# 50 gallon build questions?



## stephieboo (Aug 1, 2013)

:fish-in-bowl:

Alright gang, I scored a really nice deal a few days ago!

I got a tall 55 gallon tank, with the stand,
lights, filter, heater, bubbler, gravel, deco, plants, etc etc..
all for $125!

The problem is, the only thing I've ever had in my life was a goldfish in a fishbowl.. and maybe a betta fish here and there that seemed to live forever.

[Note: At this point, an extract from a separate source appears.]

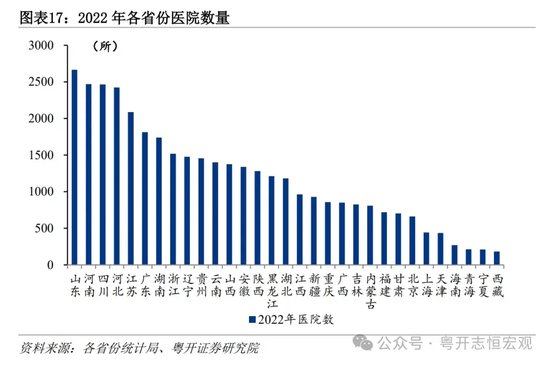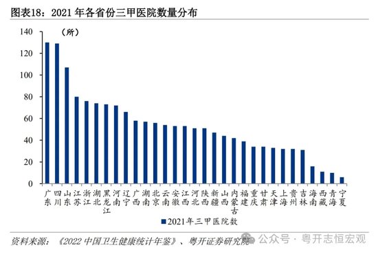 整体上,医疗资源集中在经济较为发达或人口稠密地区。近年来,医疗卫生投资补短板力度加大。从医院数量来看,2022年人口大省山东(2666所)、河南(2470所)、四川(2465所)、河北(2423所)、江苏(2087所)排名前五,较2019年都有不同程度增长。从三甲医院数量来看,除人口因素外,医疗资源还与经济发展水平密切相关,2021年末全国三级甲等医院1651所,广东(130所)、四川(129所)、山东(107所)三甲医院数量排名前列。
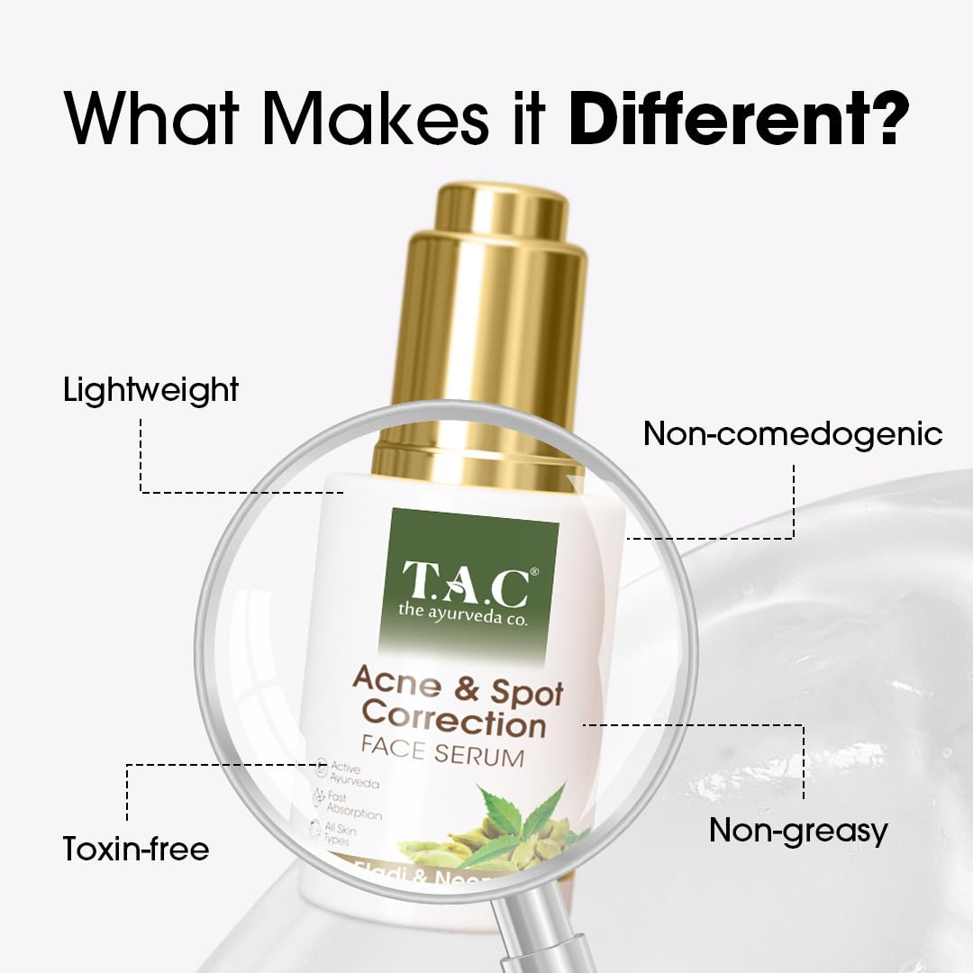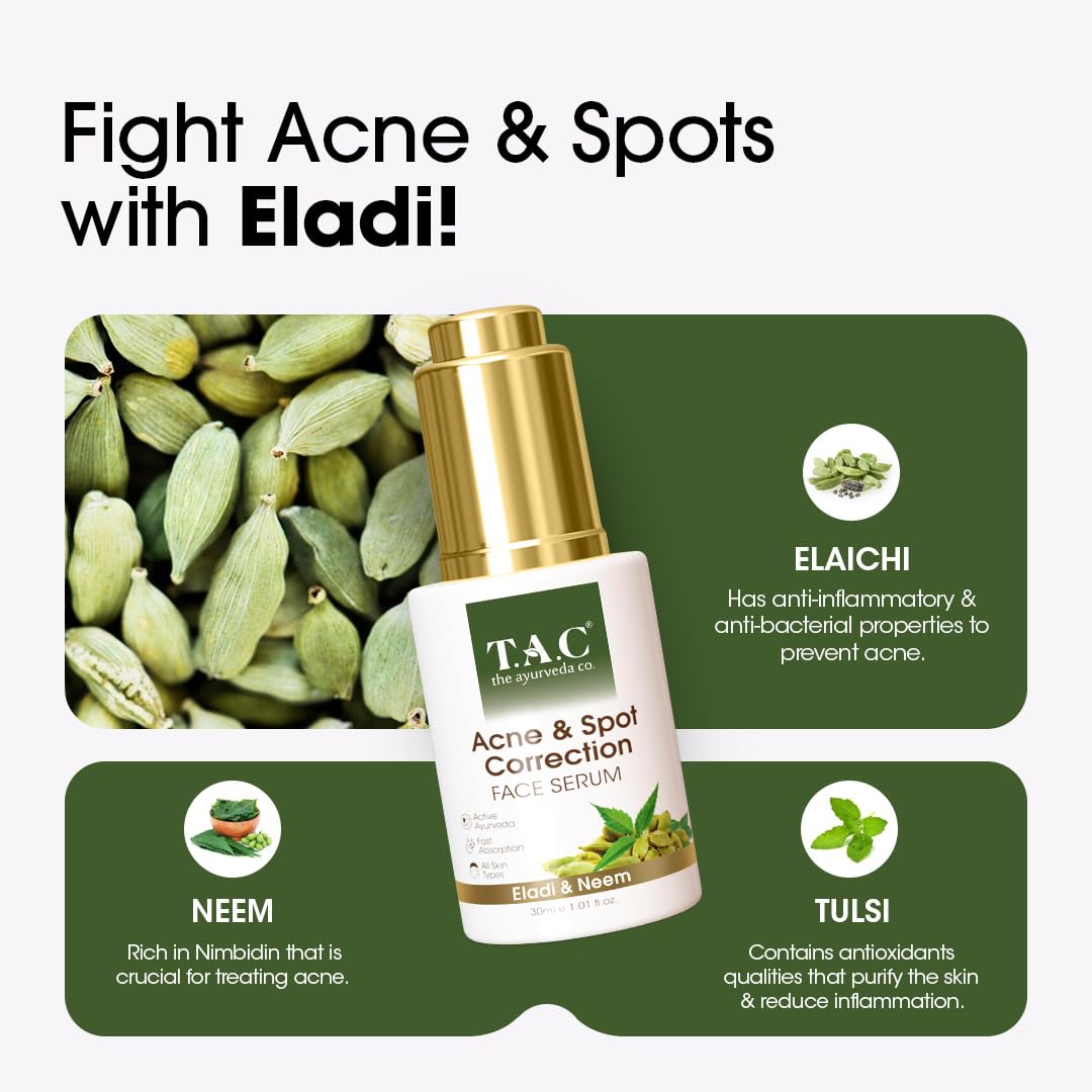 TAC Acne & Spot Correction Face Serum With Eladi & Neem | Treats Acne Fades Spots Balances Sebum | Non-comedogenic | For Oily & Acne-Prone Skin | 30ml

I was curious about a good community of fish to go with, if anyone could give me some good suggestions? I want the fish to be fairly hearty, because this is my first tank and I'm scared to death I'll do something wrong. I've been doing lots of research but I think feedback from an actual person will help me tremendously.

Thanks!​


----------



## Jim Albright (Jan 22, 2013)

danios, Gouramis, Swordtails, Red Cherry Shrimp, freshwater plants (if you want) but would need pretty good lighting


----------



## coralbandit (Jul 29, 2012)

Most tetras,bushynose plecos,any livebearer and a pair of pearl gouramis to center the tank as largest would look and be wonderful!
What is the water like where you are?
Really makes very little difference if you acclimate them properly(drip them{check into drip acclimation sticky}),but just wondering what you have to work with water wise?
Propery cycled and mantained you could keep most "common" fish without problems.


----------